All of these fundamental functions in modern court are directly nautical and associated with
admiralty law- having absolutely nothing to do with common law. So why do the courts refuse to
admit they are operating as admiralty and why has it taken so long to put these issues to rest?

Hiding Admiralty Jurisdiction "In Plain Sight"

Part of the answer as to why so many good and intelligent people have struggled to see that virtually
all courts in the United States, Canada, Australia New Zealand, United Kingdom and most other
Western-Roman places are operating in admiralty is the lack of full knowledge as to just how "large"
admiralty law truly is.

One of the deliberate disinformation arguments that is still purported by pirates and privateers of
the private bar guilds is that admiralty law is "narrow" in its breadth and application. Therefore, it
could not possibly be so openly applied across the board as there is no provision for it to be applied
for example in matters of securities, contracts, torts, administrative discipline, trusts, estates and
probate.

This excuse it turns out is utterly false. Since its formal creation in the mid-17th Century, there exists
numerous statutes that clearly show admiralty can be applied and appear to "mimic" every single
major area of "common law" - every, not just some.

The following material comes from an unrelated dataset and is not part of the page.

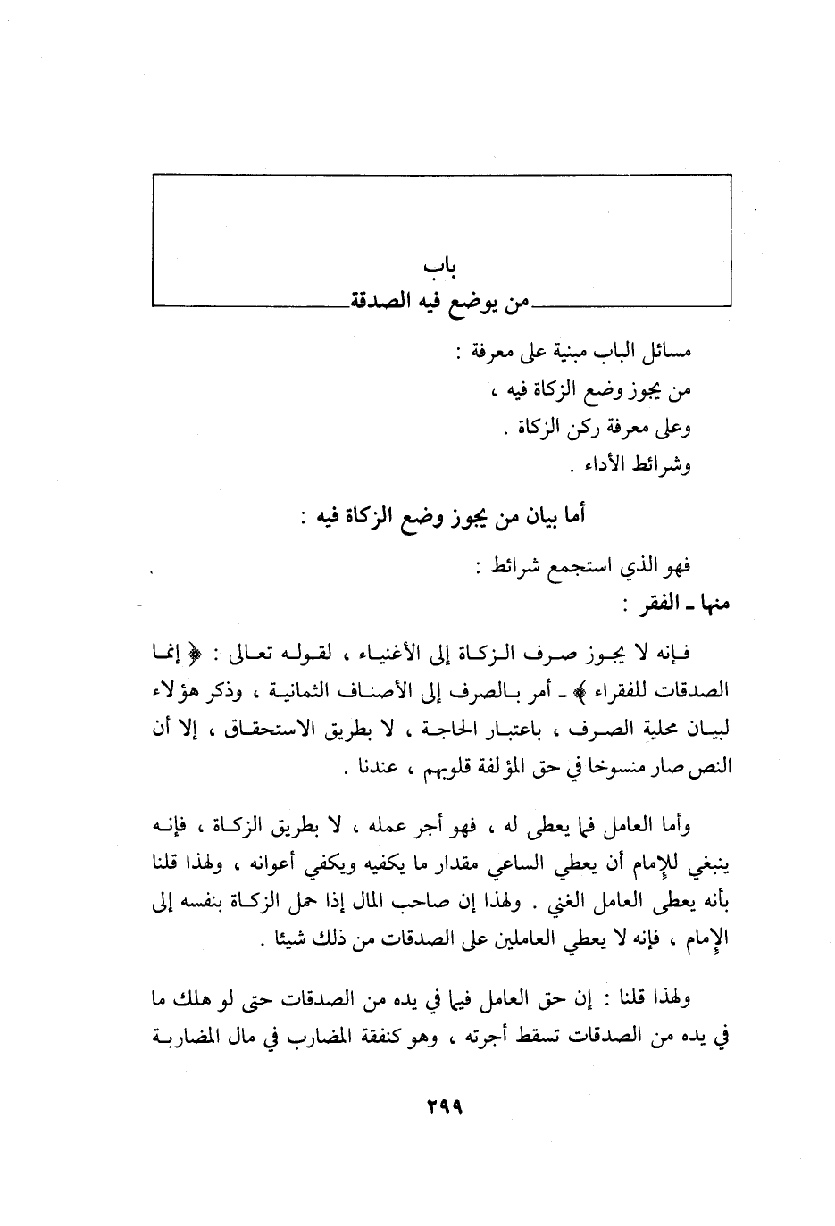 مسَائِل الْبَاب مَبْنِيَّة على معرفَة من يجوز وضع الزَّكَاة فِيهِ وعَلى معرفَة ركن الزَّكَاة وشرائط الْأَدَاء

Another argument thrown up as a deliberate distraction by paid disinfo agents and the pirates and
privateers of the private bar guilds is the claim that even if admiralty law has wide applications,
there is no logical proof provided by such claimants as to how the "law of the sea" can be properly
applied to courts on land.

This argument typically focuses on the more bizarre theories proposed on the land as well as the
stranger concepts such as water marks being set at the highest point in each state so we are all
"under water" to rebut such assertions as absurd and less than credible.

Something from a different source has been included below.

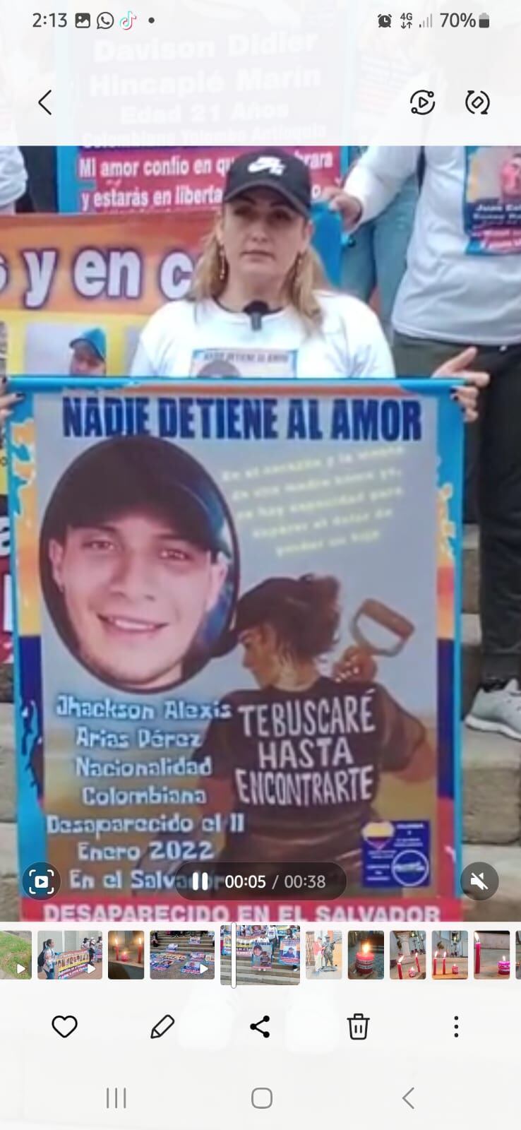 La desesperada madre manifestó que lo espera que las gestiones del gobierno colombiano ante el gobierno de El Salvador puedan hacer justicia en ese país donde al parecer ya habrían capturado a los responsables del crimen, ubiquen el cuerpo de su vida y permitan la repatriación para darle cristiana sepultura.

Again the pirates and privateers are openly and knowingly lying to the people they claim to uphold
as the proof and method of how admiralty law is applied to each and every one of us- is
breathtakingly simple and obvious- (1) we each require a birth certificate and registration and (2) we
are birthed in hospitals that literally means a military establishment and legally is treated itself as a
"vessel"- with hospitals both "commissioned" and "launched" and with people formally "admitted"
"onboard" and discharged.

This is not fanciful conspiracy, this is common sense, basic intelligence of what is shown to you "in
plain sight" every day. Birth, is a nautical term and related prior to the 19th Century solely to vessels.
What hospital births and birth certificate registrations demonstrate to anyone who cares to stop for
a moment and think about it- is that you are capable of being treated as either (a) a seaman or
officer (by virtue of hospital birth and registration) or (b) a registered vessel.

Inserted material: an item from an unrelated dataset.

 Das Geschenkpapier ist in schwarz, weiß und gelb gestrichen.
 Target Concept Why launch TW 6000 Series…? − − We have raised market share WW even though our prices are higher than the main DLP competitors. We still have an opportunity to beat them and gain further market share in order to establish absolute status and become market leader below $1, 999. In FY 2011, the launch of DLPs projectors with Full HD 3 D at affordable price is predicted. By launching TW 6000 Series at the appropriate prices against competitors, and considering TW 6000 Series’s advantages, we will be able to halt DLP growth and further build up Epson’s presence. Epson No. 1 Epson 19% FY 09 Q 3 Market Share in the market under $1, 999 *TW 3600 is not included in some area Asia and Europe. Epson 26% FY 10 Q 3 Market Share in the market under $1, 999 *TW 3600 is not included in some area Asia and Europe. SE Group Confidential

So the courts need not enter into any complex or convoluted arguments to apply admiralty law- it is
fully automated. Once they confirm your name, your residence and you "understand"- then they can
proceed. You have been under admiralty law- since "birth".

Admiralty as the ultimate "Organized Psuedo-Legal Commercial Argument" (OPCA)

Why then has it taken so long to fully discern and make the all pervading nature of admiralty law
clear? Why the arguments of administrative law? of different forms of law in operation such as trust
law and estate law?

In truth there are still multiple forms of law in operation and in parallel. For example estate law and
trust law are very real and the creation of Cestui Que Trusts and Estates for our benefit are very real.
It is just we are deprived from dealing directly with these forms of law in courts operating under the
psuedo-legal commercial form known as admiralty.

Admiralty needs real law such as common law to continue- why? so the pirates can rape and pillage
what should be yours, to steal from your estate. At the same time, admiralty is capable of mimicking
all these forms of law, so when bonds and trusts are formed as part of court cases, it appears the
judge or magistrate is switching law forms- which is not necessarily the case.